- [Records for the exercise]
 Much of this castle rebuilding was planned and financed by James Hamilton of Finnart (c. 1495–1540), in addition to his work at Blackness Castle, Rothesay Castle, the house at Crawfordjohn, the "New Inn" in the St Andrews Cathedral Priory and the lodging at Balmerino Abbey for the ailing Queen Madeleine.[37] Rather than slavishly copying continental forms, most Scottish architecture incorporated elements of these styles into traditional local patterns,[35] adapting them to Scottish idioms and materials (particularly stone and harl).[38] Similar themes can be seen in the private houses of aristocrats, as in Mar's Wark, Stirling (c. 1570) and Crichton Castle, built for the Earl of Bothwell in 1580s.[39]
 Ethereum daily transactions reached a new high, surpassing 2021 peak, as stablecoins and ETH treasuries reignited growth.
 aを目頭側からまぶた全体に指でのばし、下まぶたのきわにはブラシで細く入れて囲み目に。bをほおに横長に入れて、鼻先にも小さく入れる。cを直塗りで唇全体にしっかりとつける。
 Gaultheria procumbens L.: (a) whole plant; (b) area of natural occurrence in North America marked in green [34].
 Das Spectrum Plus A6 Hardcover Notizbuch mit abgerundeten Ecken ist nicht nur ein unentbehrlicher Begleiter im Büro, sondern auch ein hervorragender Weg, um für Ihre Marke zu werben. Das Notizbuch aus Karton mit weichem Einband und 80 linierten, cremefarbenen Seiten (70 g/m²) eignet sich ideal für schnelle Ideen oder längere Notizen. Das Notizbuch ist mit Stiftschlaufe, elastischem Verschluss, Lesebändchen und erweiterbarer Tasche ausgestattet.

* * *

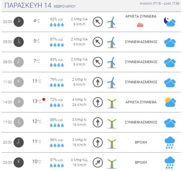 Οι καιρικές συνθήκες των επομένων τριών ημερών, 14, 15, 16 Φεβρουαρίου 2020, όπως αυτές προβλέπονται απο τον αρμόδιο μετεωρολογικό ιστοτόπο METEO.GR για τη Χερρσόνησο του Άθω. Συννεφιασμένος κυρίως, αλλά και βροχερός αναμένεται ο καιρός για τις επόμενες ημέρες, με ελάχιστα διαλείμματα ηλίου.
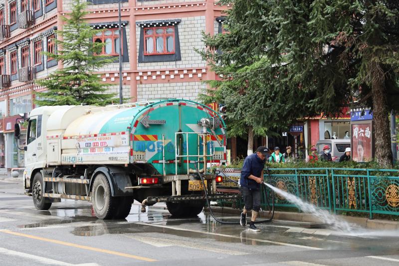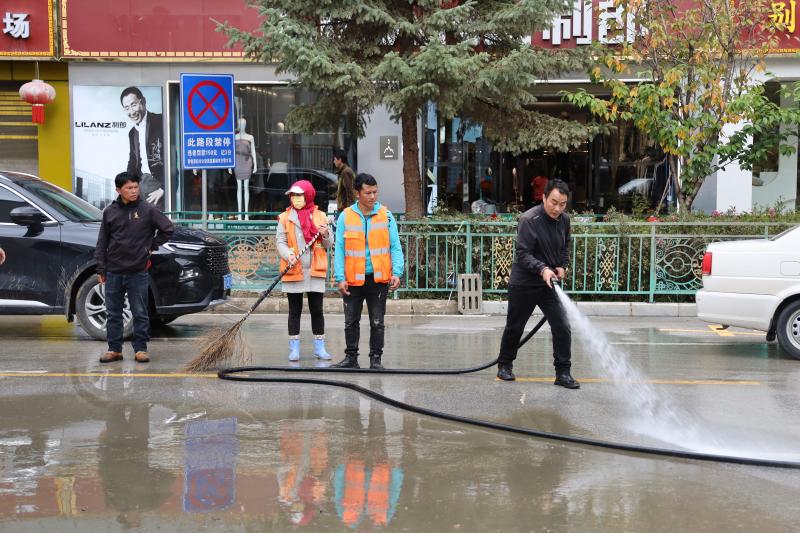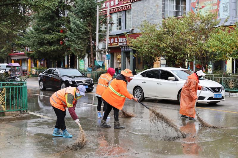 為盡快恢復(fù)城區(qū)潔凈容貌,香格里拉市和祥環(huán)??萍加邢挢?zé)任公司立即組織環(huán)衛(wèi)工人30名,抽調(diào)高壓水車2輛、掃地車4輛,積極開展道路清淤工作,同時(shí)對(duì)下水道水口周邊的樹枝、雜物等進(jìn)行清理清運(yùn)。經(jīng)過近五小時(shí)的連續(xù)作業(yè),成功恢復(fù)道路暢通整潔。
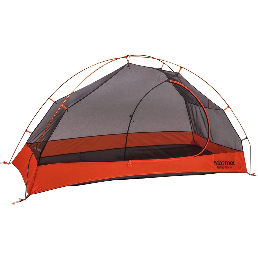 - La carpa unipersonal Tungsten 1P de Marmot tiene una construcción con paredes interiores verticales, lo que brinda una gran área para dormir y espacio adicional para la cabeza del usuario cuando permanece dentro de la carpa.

- [What needs to be done]
Scan the records above for the lines holding "aを目頭側からまぶた全体に指" and "Gaultheria procumbens L.: (a)". Transcribe those two and every line between them word for word, and no others.

- [Solution]
 aを目頭側からまぶた全体に指でのばし、下まぶたのきわにはブラシで細く入れて囲み目に。bをほおに横長に入れて、鼻先にも小さく入れる。cを直塗りで唇全体にしっかりとつける。
 Gaultheria procumbens L.: (a) whole plant; (b) area of natural occurrence in North America marked in green [34].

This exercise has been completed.